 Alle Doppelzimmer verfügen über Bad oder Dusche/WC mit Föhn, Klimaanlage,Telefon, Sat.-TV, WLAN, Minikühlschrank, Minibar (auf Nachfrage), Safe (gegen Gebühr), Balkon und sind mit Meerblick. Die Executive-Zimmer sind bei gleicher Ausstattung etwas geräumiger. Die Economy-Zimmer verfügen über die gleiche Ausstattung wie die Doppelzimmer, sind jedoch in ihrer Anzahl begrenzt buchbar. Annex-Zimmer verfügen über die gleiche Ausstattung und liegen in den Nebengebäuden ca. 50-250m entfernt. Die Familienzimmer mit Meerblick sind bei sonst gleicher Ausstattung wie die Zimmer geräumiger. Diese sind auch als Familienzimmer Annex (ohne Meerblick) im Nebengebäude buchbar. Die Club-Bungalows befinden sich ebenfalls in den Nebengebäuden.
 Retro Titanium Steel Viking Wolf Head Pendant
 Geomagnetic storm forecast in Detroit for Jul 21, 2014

...

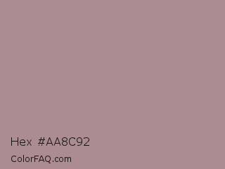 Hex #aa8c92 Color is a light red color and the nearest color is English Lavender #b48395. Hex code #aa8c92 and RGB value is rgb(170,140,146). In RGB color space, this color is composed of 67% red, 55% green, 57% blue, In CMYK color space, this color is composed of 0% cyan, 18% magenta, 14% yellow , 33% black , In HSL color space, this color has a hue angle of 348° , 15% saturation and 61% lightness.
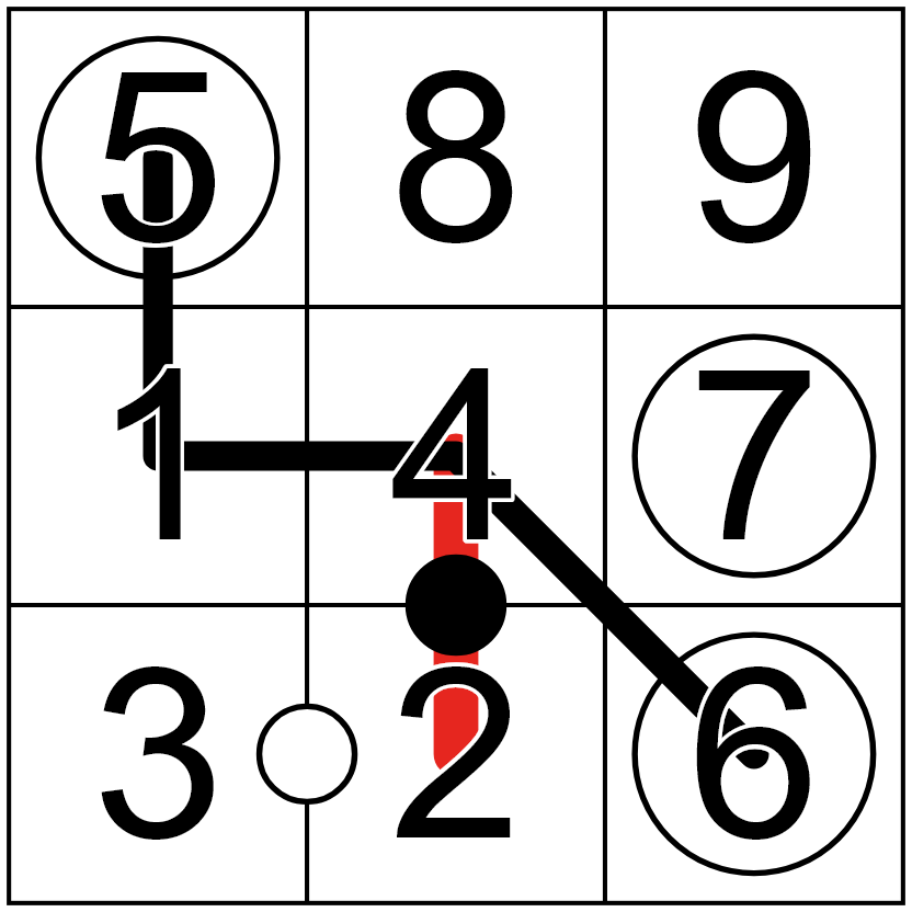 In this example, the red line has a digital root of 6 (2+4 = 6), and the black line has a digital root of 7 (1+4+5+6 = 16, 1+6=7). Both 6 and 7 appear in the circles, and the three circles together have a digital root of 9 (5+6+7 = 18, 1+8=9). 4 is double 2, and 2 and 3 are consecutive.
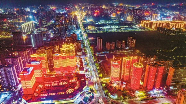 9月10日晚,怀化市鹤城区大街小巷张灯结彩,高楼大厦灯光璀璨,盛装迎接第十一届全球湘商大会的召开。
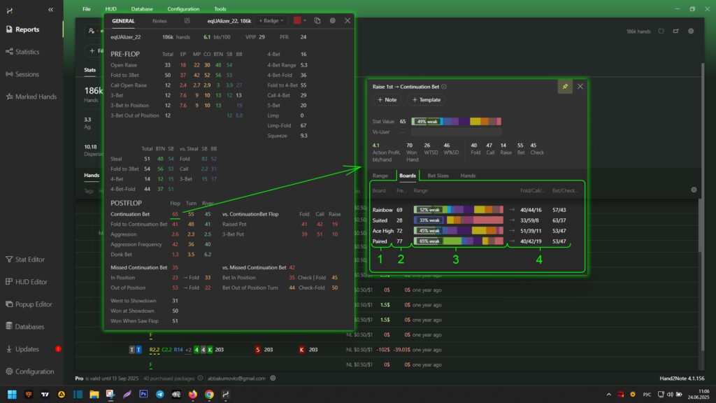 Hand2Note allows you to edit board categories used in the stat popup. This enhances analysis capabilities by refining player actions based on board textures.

◆ **TASK ITEM**
Above is a listing; print exactly its lines from the one with "Alle Doppelzimmer verfügen" through the one with "Geomagnetic storm forecast", and no other lines.

◆ **YOUR SOLUTION**
 Alle Doppelzimmer verfügen über Bad oder Dusche/WC mit Föhn, Klimaanlage,Telefon, Sat.-TV, WLAN, Minikühlschrank, Minibar (auf Nachfrage), Safe (gegen Gebühr), Balkon und sind mit Meerblick. Die Executive-Zimmer sind bei gleicher Ausstattung etwas geräumiger. Die Economy-Zimmer verfügen über die gleiche Ausstattung wie die Doppelzimmer, sind jedoch in ihrer Anzahl begrenzt buchbar. Annex-Zimmer verfügen über die gleiche Ausstattung und liegen in den Nebengebäuden ca. 50-250m entfernt. Die Familienzimmer mit Meerblick sind bei sonst gleicher Ausstattung wie die Zimmer geräumiger. Diese sind auch als Familienzimmer Annex (ohne Meerblick) im Nebengebäude buchbar. Die Club-Bungalows befinden sich ebenfalls in den Nebengebäuden.
 Retro Titanium Steel Viking Wolf Head Pendant
 Geomagnetic storm forecast in Detroit for Jul 21, 2014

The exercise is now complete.